* [Task statement] In the data below, restate exactly the lines from the one with "2017年福建普通高中毕业班质量检查文科综合试题及答案(5)" to the final line, both included, but not the pictures.

Data for this task Block Start

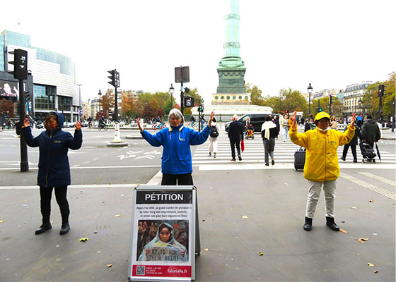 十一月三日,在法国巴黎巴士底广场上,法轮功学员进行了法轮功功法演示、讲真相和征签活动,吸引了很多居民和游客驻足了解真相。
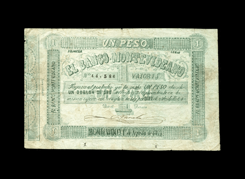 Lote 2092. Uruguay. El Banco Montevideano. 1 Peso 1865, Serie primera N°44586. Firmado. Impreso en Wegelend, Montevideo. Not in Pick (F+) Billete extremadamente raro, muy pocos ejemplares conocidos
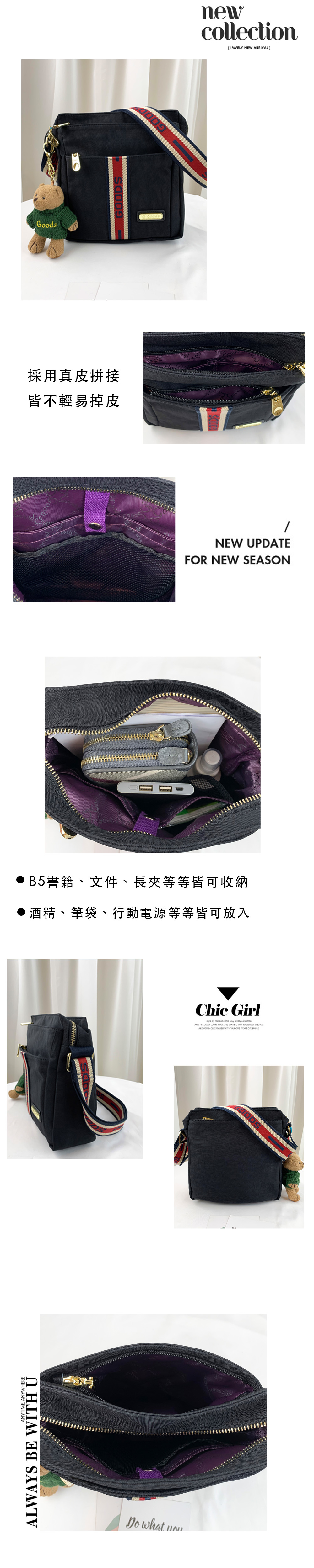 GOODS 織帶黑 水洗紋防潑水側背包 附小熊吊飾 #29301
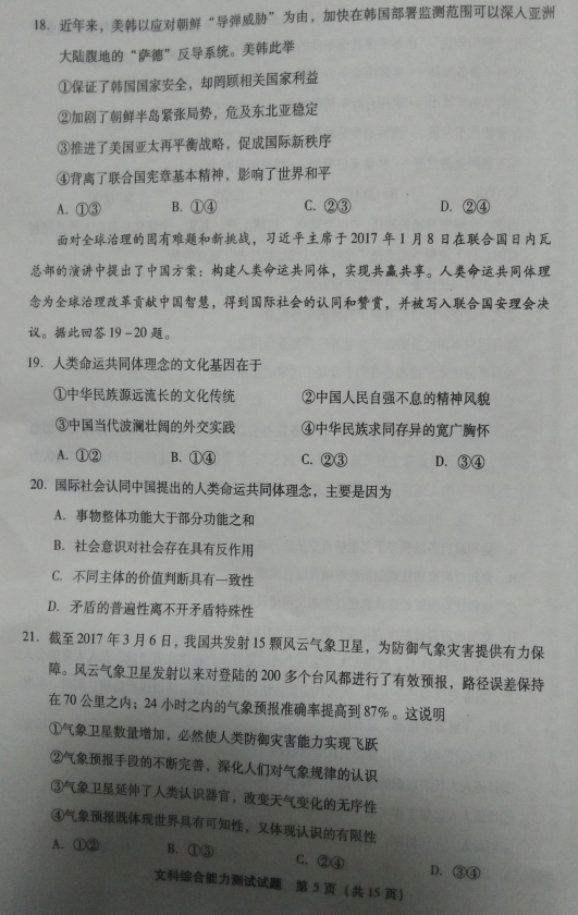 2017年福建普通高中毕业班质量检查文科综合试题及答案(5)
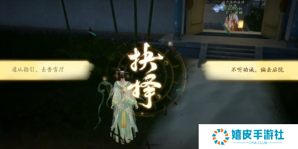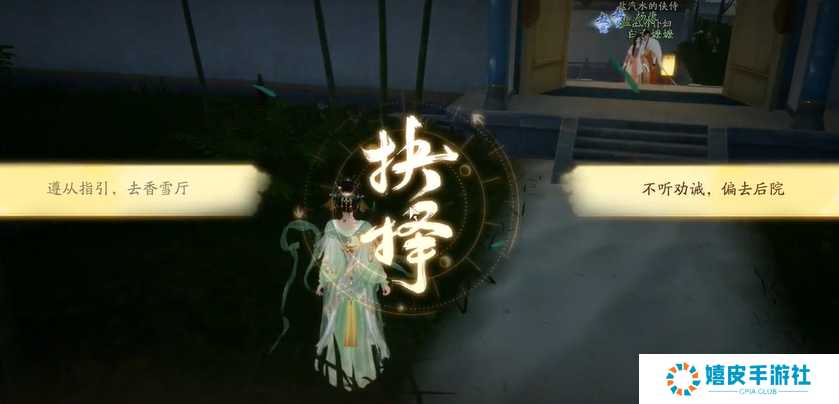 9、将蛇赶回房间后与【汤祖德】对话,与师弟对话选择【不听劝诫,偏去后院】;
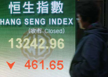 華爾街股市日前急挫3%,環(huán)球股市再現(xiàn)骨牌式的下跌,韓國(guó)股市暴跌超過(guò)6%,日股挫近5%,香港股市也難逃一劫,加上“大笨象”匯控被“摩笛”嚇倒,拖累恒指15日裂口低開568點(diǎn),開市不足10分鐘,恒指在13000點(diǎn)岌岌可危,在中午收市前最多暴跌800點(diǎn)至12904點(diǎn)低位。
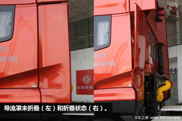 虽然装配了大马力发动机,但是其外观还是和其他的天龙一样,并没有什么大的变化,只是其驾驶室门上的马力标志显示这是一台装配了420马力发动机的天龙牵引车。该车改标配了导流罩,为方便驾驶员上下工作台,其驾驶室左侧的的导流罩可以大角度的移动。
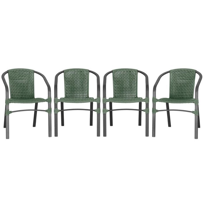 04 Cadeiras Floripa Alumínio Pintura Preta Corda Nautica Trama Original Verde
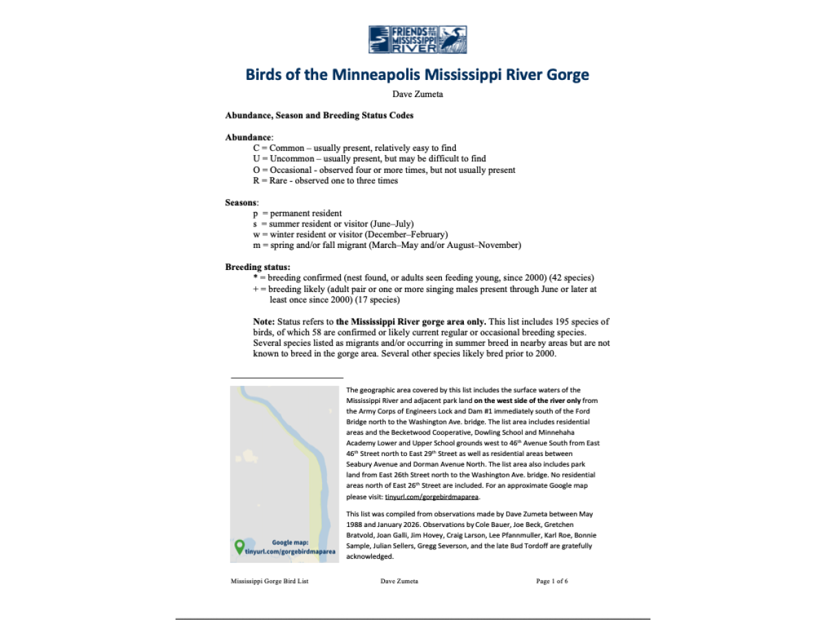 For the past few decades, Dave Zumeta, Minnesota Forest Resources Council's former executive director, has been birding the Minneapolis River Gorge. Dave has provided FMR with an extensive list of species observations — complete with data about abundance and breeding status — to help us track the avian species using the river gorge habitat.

Data for this task Block End

* [Final answer]
 2017年福建普通高中毕业班质量检查文科综合试题及答案(5)
 9、将蛇赶回房间后与【汤祖德】对话,与师弟对话选择【不听劝诫,偏去后院】;
 華爾街股市日前急挫3%,環(huán)球股市再現(xiàn)骨牌式的下跌,韓國(guó)股市暴跌超過(guò)6%,日股挫近5%,香港股市也難逃一劫,加上“大笨象”匯控被“摩笛”嚇倒,拖累恒指15日裂口低開568點(diǎn),開市不足10分鐘,恒指在13000點(diǎn)岌岌可危,在中午收市前最多暴跌800點(diǎn)至12904點(diǎn)低位。
 虽然装配了大马力发动机,但是其外观还是和其他的天龙一样,并没有什么大的变化,只是其驾驶室门上的马力标志显示这是一台装配了420马力发动机的天龙牵引车。该车改标配了导流罩,为方便驾驶员上下工作台,其驾驶室左侧的的导流罩可以大角度的移动。
 04 Cadeiras Floripa Alumínio Pintura Preta Corda Nautica Trama Original Verde
 For the past few decades, Dave Zumeta, Minnesota Forest Resources Council's former executive director, has been birding the Minneapolis River Gorge. Dave has provided FMR with an extensive list of species observations — complete with data about abundance and breeding status — to help us track the avian species using the river gorge habitat.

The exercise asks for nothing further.